众人分工时,没人再多说废话,只凭着默契动手。沈曼卿和清沅兑生根水,清沅扶着木桶,桶沿垫着块布,怕水流出来弄湿手;沈曼卿把纸包拆开,小心地将粉末倒进水里,动作轻柔,生怕撒出来,然后用木棍轻轻搅拌,目光盯着水面的泡沫,直到泡沫散尽、水色变得均匀,才停下手。张叔和李顺安拎桶,张叔拎着桶耳的把手,脚步稳当,每一步都踩在青石板上;李顺安这次没毛躁,双手抱着桶身,脚步放得极慢,路过冒芽的坑时,还特意绕了半圈,生怕桶底的水珠滴在芽尖上
宁舟和苏棠负责浇,宁舟的铜嘴水壶刚好对着芽尖外围三寸的土缝,水流细缓,慢慢渗进土里,浇完一个坑,就蹲下身用指尖碰一碰土面,确认湿度合适,才拎着水壶挪到下一个。苏棠则用小玻璃杯舀水,每一勺都精准落在土缝里,偶尔有多余的水流到坑外,她就用小竹铲把土拢回来,盖在湿痕上。两人隔着两个坑,动作偶尔同步,却没说一句话,只在目光不经意交汇时,飞快移开,耳尖都悄悄泛了点淡红
贾葆誉扛着相机赶来时,晨雾刚好散了,阳光透过槐树叶的缝隙,洒在池边,落下细碎的光斑。他没立刻按快门,先靠在老槐树上观察了好一会儿:苏棠浇完水,会用指尖轻轻抚平坑边的土,像是在给芽尖盖被子;宁舟浇到第五个坑,发现土有点松,从口袋里摸出早就备好的细土——是他从墨香斋后院装的,那里的土和荷池的土性相近,一点点填好,压实;李顺安拎着空桶往回走,见池边有片落叶要飘进冒芽的坑,赶紧伸手接住,揉碎了扔在草丛里,还不忘回头看一眼,确认没碰到芽尖才放心
“这些细节才是真东西,比刻意拍的画面有味道。”贾葆誉小声嘀咕,举起相机调整焦距。
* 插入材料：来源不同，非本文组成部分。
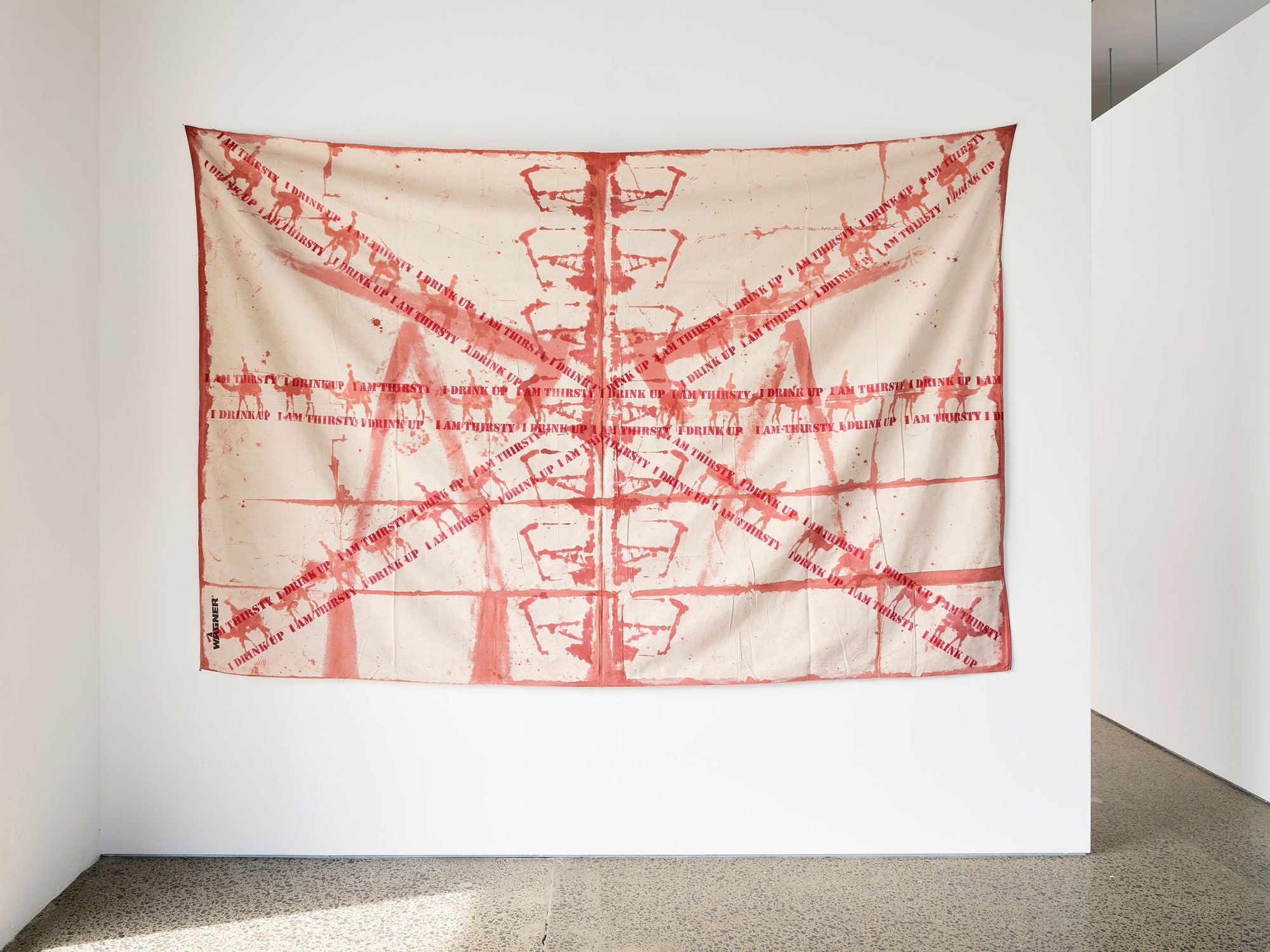 line marking paint and acrylic on canvas drop-sheet
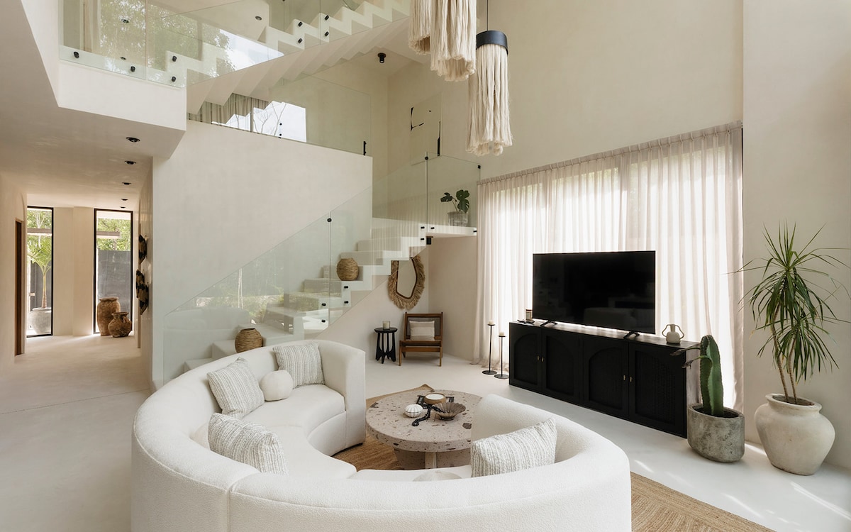 Vive lo mejor de la elegancia al estilo Tulum en nuestra residencia Boho Chic, donde se combinan el diseño y comodidad. Nuestra Villa es una casa única y lujosa de 2 recámaras y 2 baños, con alberca privada, tina exterior y un diseño galardonado inspirado en la arquitectura maya. Cuenta con cocina totalmente equipada, WiFi rápido, concierge y todos los servicios adicionales que necesites. Descubre una mezcla perfecta de estilo y privacidad para una estancia inolvidable en el corazón de Tulum.

先拍了张芽尖的特写,嫩白的芽头沾着水汽,旁边是苏棠悬在半空的指尖,阳光落在上面,泛着淡淡的光晕;再拍宁舟填土的侧影,他的目光全在坑上,嘴角微微抿着,眼睫投下的阴影落在脸颊上,格外专注;最后拍了张全景,众人的身影散在池边,晨光、水汽、土色混在一起,透着浓浓的烟火气
他凑到宁舟身边,把相机屏幕递过去:“你看这芽尖,拍得比肉眼还清楚,等长叶了再拍一张,对比着看肯定有意思。”宁舟瞥了一眼,目光落在屏幕里苏棠的指尖上,顿了半秒,才轻轻点头:“挺好。”声音轻得几乎被风吹走,却难得带了点笑意
突然,“哗啦”一声响,李顺安手里的木桶歪了,半桶生根水洒在池边的草地上,浸湿了一片草叶,连旁边的小石子都沾了水。“糟了!”他赶紧把桶往地上放,手忙脚乱地去扶,脸上涨得通红,像是做错事的孩子,“对不起对不起,手滑了!刚才踩了块湿石头,没站稳。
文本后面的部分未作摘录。